## Problem requirements:
From the material below, set down exactly the lines that run from the one containing "比如韵达在华东区业务量排序第" to the one containing "Đặc biệt, căn", minus the pictures.

## Records shown:
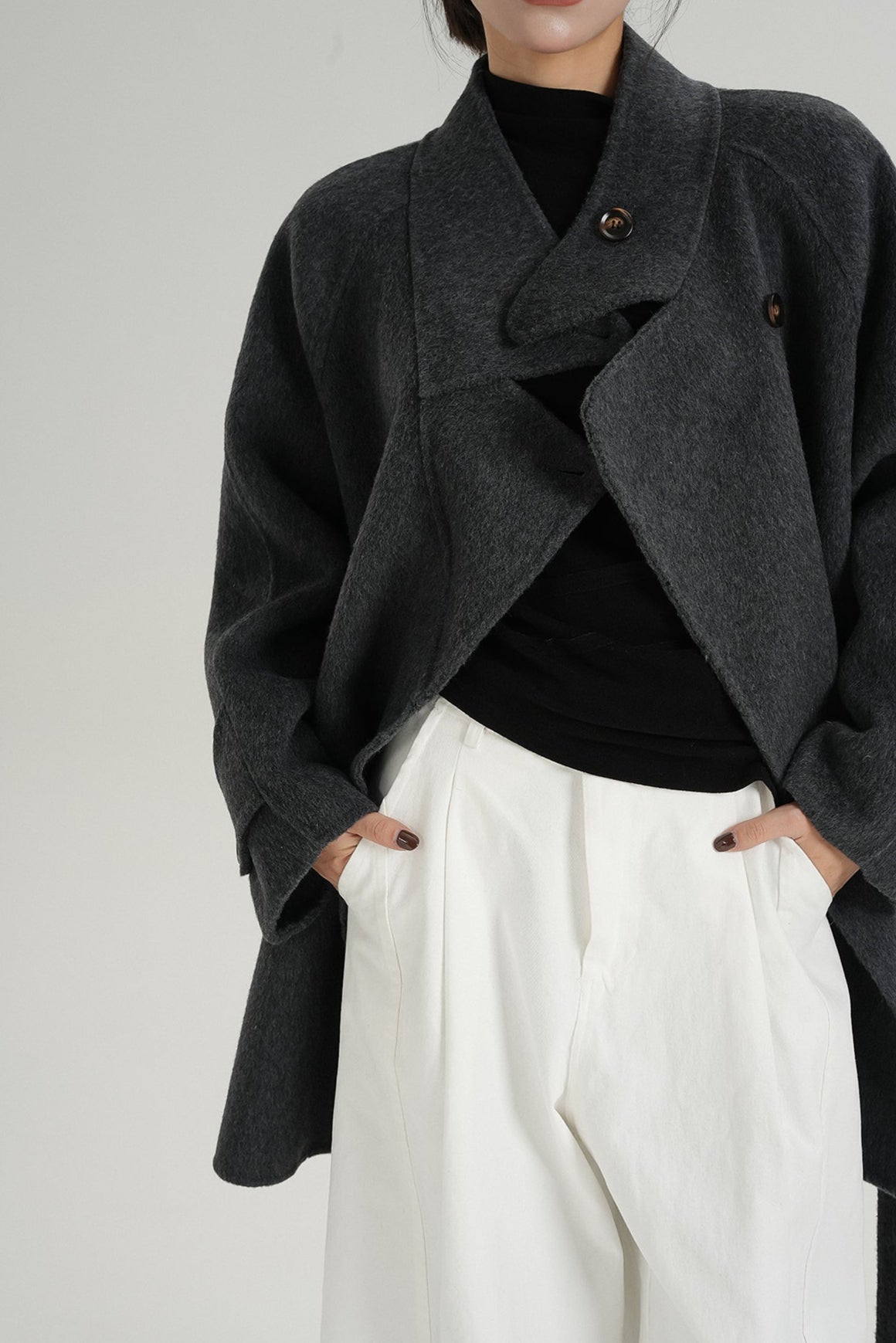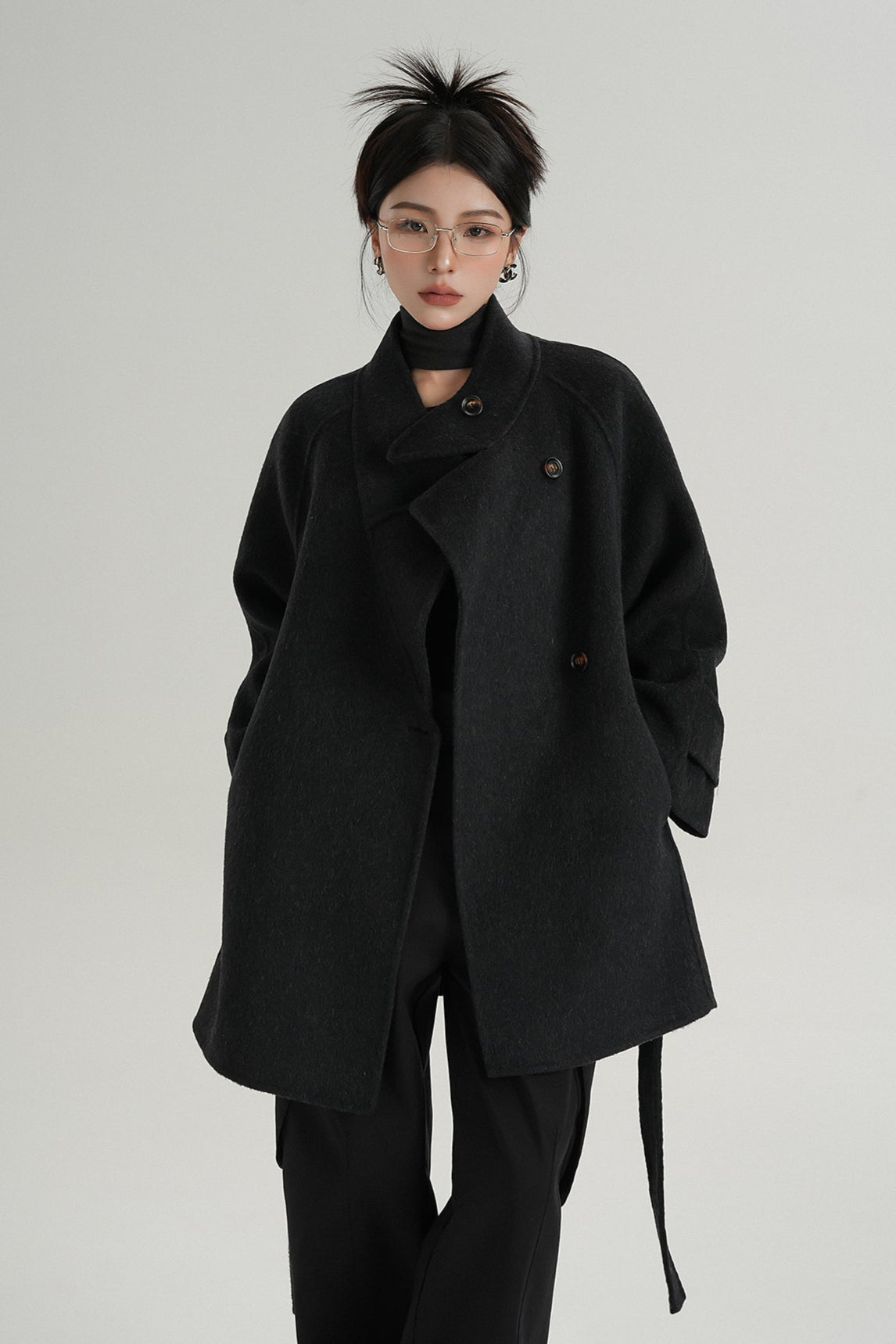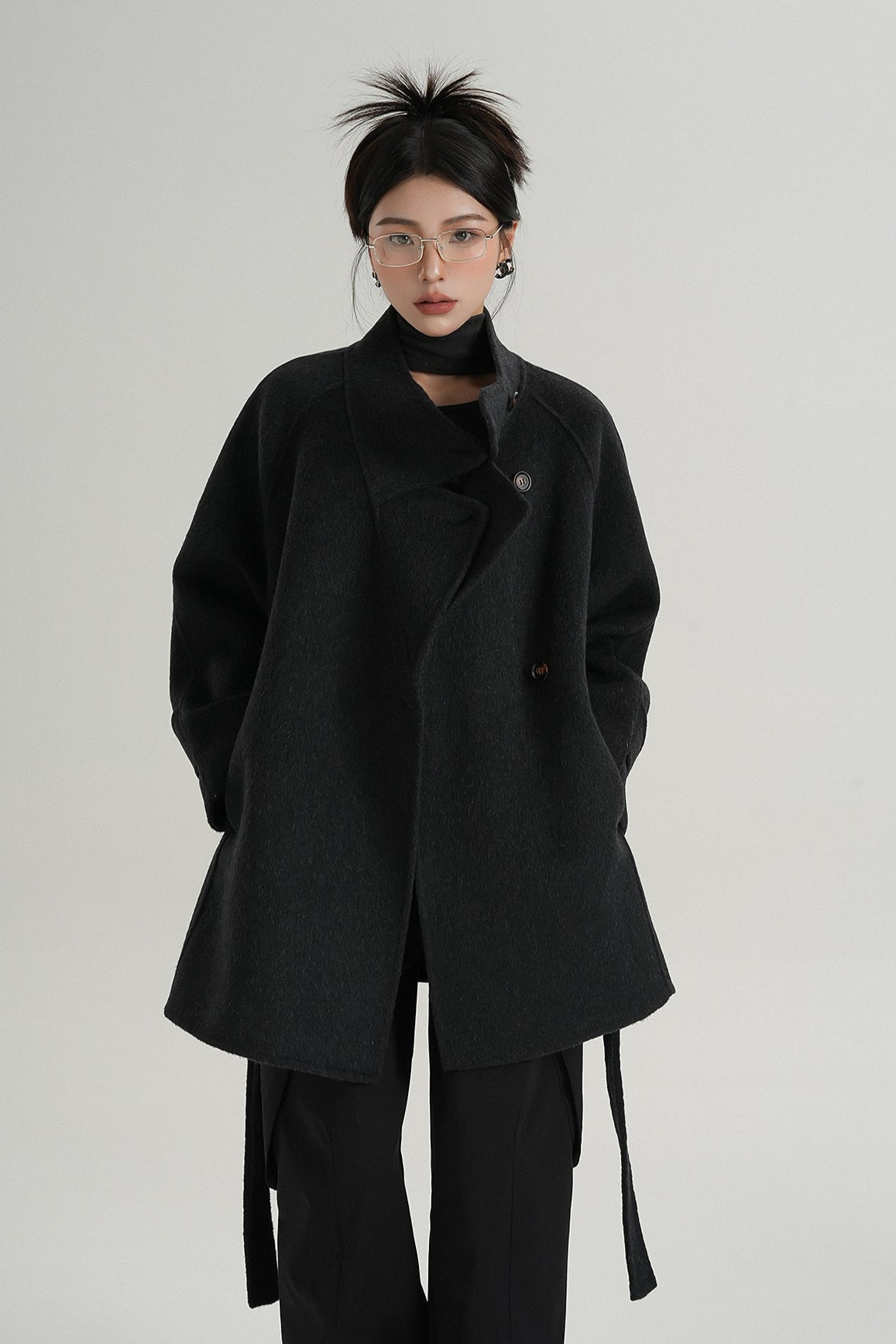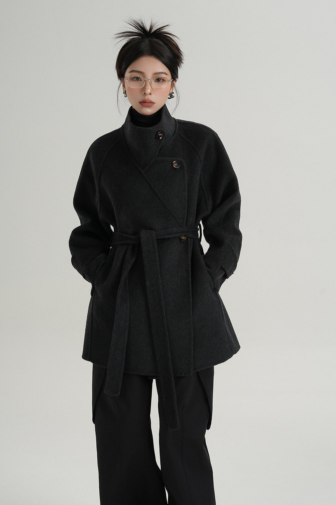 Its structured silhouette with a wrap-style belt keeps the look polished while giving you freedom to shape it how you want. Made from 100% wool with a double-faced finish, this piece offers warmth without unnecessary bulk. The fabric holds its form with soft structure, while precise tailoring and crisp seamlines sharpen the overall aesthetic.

...

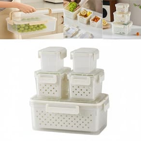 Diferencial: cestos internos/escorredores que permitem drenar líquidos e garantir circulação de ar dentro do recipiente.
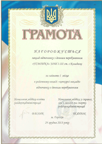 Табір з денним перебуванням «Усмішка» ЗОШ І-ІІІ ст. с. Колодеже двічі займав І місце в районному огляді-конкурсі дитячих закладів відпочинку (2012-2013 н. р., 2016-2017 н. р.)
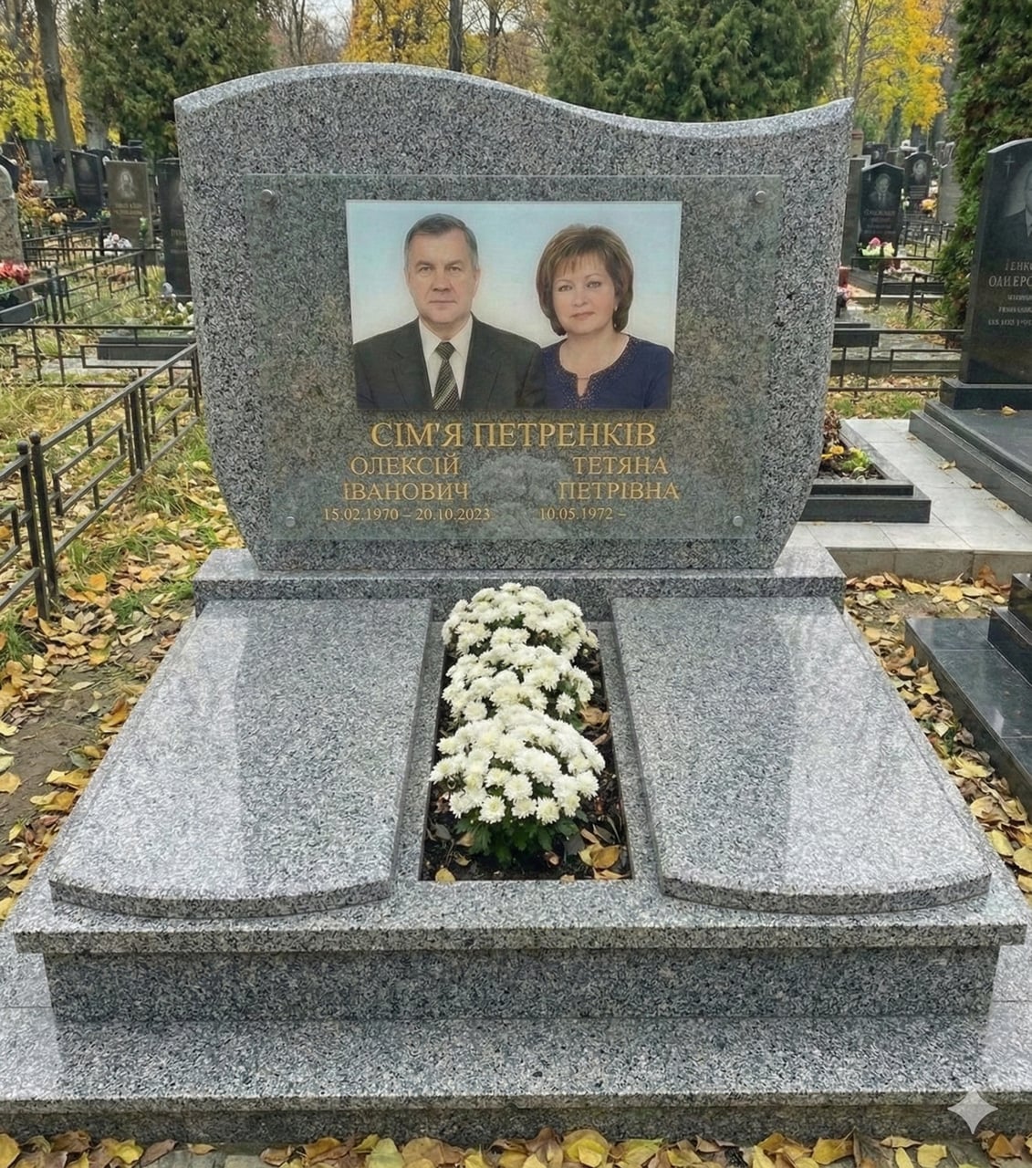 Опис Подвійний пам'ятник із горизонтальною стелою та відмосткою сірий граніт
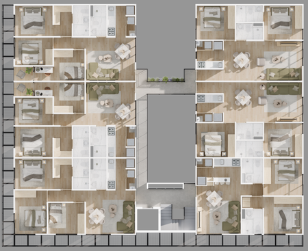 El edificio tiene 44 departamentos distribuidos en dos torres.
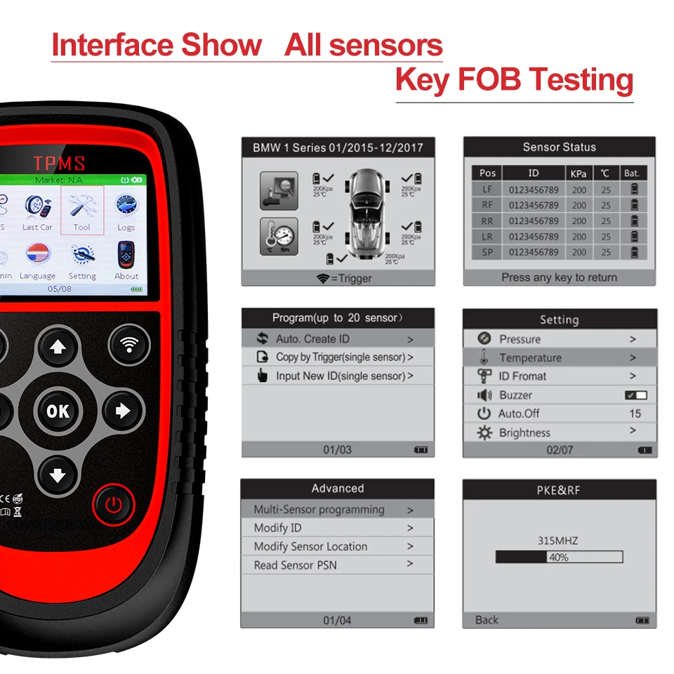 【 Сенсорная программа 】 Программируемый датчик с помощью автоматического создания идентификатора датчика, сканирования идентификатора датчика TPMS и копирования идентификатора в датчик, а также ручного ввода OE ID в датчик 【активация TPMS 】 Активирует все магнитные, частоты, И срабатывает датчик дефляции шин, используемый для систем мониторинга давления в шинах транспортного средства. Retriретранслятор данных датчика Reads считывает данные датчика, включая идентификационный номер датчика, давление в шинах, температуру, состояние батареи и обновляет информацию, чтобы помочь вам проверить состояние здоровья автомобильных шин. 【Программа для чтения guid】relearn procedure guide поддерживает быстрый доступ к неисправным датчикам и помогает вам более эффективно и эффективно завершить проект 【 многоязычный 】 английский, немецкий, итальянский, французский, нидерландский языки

* * *

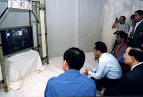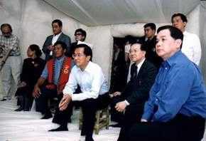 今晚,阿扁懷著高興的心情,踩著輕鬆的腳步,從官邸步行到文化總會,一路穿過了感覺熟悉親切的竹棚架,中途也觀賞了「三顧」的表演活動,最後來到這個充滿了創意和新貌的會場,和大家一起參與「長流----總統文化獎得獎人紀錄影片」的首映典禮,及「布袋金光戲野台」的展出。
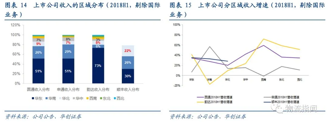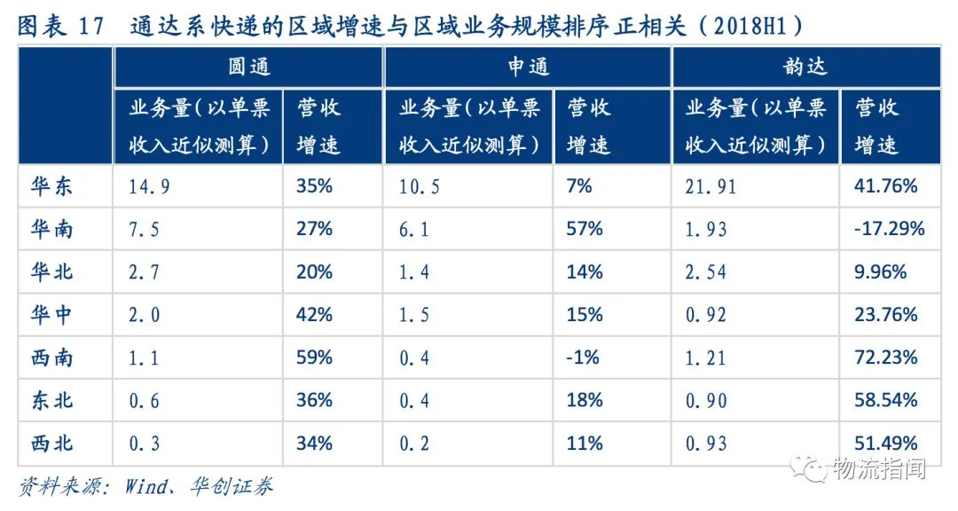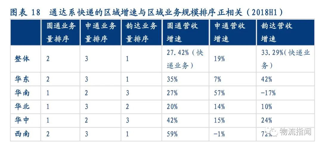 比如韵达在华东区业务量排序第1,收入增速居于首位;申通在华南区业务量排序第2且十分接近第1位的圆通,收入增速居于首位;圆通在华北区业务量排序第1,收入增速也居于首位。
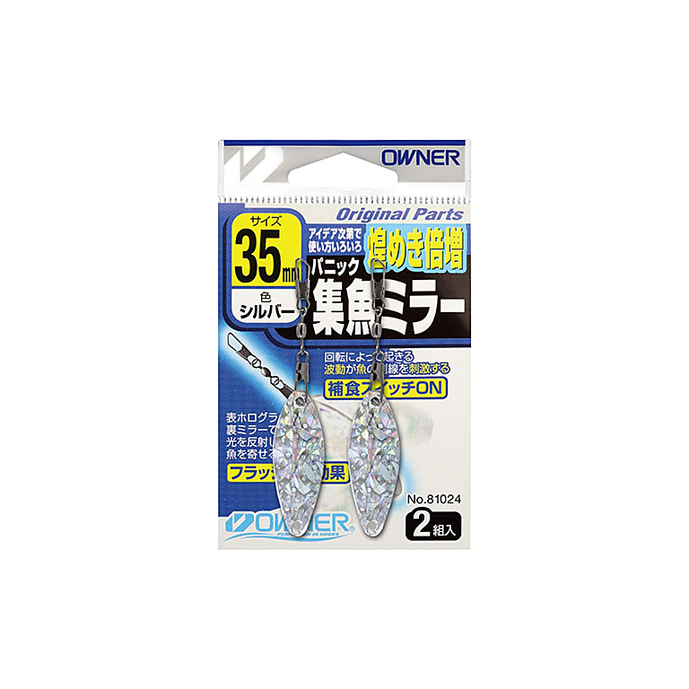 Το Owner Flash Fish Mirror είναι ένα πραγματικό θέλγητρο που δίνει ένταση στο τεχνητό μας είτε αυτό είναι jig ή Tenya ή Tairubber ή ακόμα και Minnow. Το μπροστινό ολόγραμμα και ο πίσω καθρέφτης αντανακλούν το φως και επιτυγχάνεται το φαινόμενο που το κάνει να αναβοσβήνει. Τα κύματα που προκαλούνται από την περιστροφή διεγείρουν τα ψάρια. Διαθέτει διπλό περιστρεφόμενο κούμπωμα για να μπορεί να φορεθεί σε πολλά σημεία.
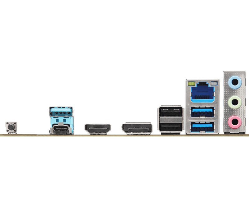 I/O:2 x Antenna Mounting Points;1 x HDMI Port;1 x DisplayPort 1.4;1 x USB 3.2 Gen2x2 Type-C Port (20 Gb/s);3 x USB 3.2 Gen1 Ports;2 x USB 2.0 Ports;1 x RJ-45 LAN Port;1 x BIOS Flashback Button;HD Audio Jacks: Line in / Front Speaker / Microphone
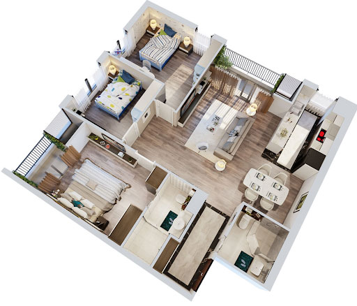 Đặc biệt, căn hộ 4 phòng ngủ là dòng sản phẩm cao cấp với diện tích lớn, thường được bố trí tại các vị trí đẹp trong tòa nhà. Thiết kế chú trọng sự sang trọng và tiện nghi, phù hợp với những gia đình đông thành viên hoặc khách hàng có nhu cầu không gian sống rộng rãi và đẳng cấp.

## Written reply:
 比如韵达在华东区业务量排序第1,收入增速居于首位;申通在华南区业务量排序第2且十分接近第1位的圆通,收入增速居于首位;圆通在华北区业务量排序第1,收入增速也居于首位。
 Το Owner Flash Fish Mirror είναι ένα πραγματικό θέλγητρο που δίνει ένταση στο τεχνητό μας είτε αυτό είναι jig ή Tenya ή Tairubber ή ακόμα και Minnow. Το μπροστινό ολόγραμμα και ο πίσω καθρέφτης αντανακλούν το φως και επιτυγχάνεται το φαινόμενο που το κάνει να αναβοσβήνει. Τα κύματα που προκαλούνται από την περιστροφή διεγείρουν τα ψάρια. Διαθέτει διπλό περιστρεφόμενο κούμπωμα για να μπορεί να φορεθεί σε πολλά σημεία.
 I/O:2 x Antenna Mounting Points;1 x HDMI Port;1 x DisplayPort 1.4;1 x USB 3.2 Gen2x2 Type-C Port (20 Gb/s);3 x USB 3.2 Gen1 Ports;2 x USB 2.0 Ports;1 x RJ-45 LAN Port;1 x BIOS Flashback Button;HD Audio Jacks: Line in / Front Speaker / Microphone
 Đặc biệt, căn hộ 4 phòng ngủ là dòng sản phẩm cao cấp với diện tích lớn, thường được bố trí tại các vị trí đẹp trong tòa nhà. Thiết kế chú trọng sự sang trọng và tiện nghi, phù hợp với những gia đình đông thành viên hoặc khách hàng có nhu cầu không gian sống rộng rãi và đẳng cấp.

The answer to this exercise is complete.